If you convert the entire page and all its components to https, it would be more secure. But if you are paranoid enough to do that, you should also be paranoid NOT to depend on an external server for you data. If an attacker compromises backend.com, he has effectively got enough leverage on frontend.com, frontend2.com and all of your websites.
In short, https is helpful, but it won't help you one bit if your backend server gets compromised.
So, what are my options?
Add a proxy server on each of your client applications. You don't need to write any code, your webserver can automatically do that for you. If you are using Apache, look up mod_rewrite
If your users are using the latest browsers, you could consider using Cross Origin Resource Sharing.
As The Rook pointed out, you could also use Flash + Crossdomain. Or you could use Silverlight and its equivalent of Crossdomain.
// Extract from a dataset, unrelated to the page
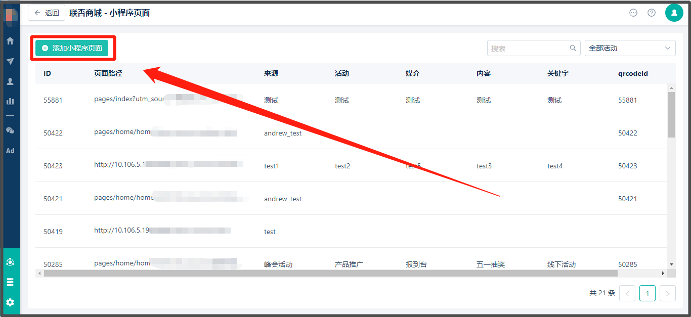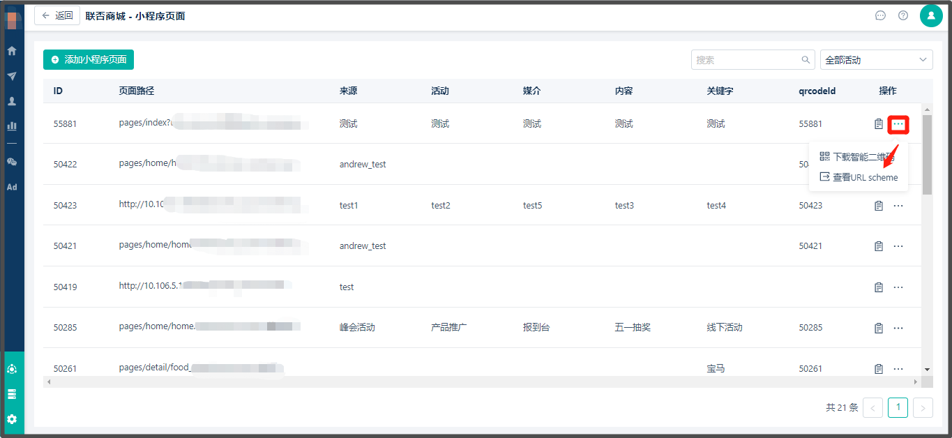 1. 页面是当前所选小程序页面的路径,系统会自动把路径上拼接的utm参数截掉(微信不支持带参路径生成url scheme)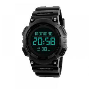 Relógio Masculino Skmei Digital 1248 - Preto Relógio Masculino Skmei Digital 1248 - Preto Marca: Skmei Categoria: Digital ógico: Não Digital: Sim 1 Horário Calendário: Sim Despertador: Sim Mostra o Dia da Semana: Sim Mostra o Dia do Mês: Sim Cronômetro: Sim Contador Regressivo: Não Luz: Sim Cor da Iluminação: Verde Resistente à Água: 5 ATM Pode ser para nadar no raso, por pouco tempo submerso - Respingos: Sim - Chuva: Sim - Lavar Carro: Sim - Lavar Louça: Sim - Natação: Sim - Mergulho: Não Característica do Vidro: Acrílico Tipo de Fecho: Fivela Cor da Caixa: Preto Material da Caixa: Plástico Formato da Caixa: Redondo Diâmetro da Caixa: 47,00 mm Espessura da Caixa: 13,40 mm Cor da Pulseira: Preto Material da Pulseira: Plástico Largura da Pulseira: 20,90 mm Comprimento Máximo da Pulseira: 240,00 mm Alimentação: Bateria Interna Peso Líquido: 0,060 Kg Modelo: 1248 Cor Predominante: Preto : 12 Meses Conteúdo da Embalagem: 01 Relógio 01 Embalagem 01 Termo de Marca: Não Informado

Both technologies allow you to communicate with javascript - so you just need to write a utility function and then normal js code would work. I believe YUI already provides a flash wrapper for this - check YUI3 IO
What do you recommend?
My recommendation is to create a proxy server, and use https throughout your website.
Apologies to all who attempted to answer my question. It proceeded under a false assumption about how the script tag hack works. The assumption was that one could simply append a script tag to the DOM and that the contents of that appended script tag would not be restricted by the same origin policy.
If I'd bothered to test my assumption before posting the question, I would've known that it's the source attribute of the appended tag that's unrestricted. JSONP takes this a step further by establishing a protocol that wraps traditional JSON web service responses in a callback function.
Regardless of how the script tag hack is used, however, there is no way to screen the response for malicious code since browsers execute whatever JavaScript is returned. And neither IE, Firefox nor Webkit browsers check SSL certificates in this scenario. Doug Crockford is, so far as I can tell, correct. There is no safe way to do cross domain scripting as of JavaScript 1.8.5.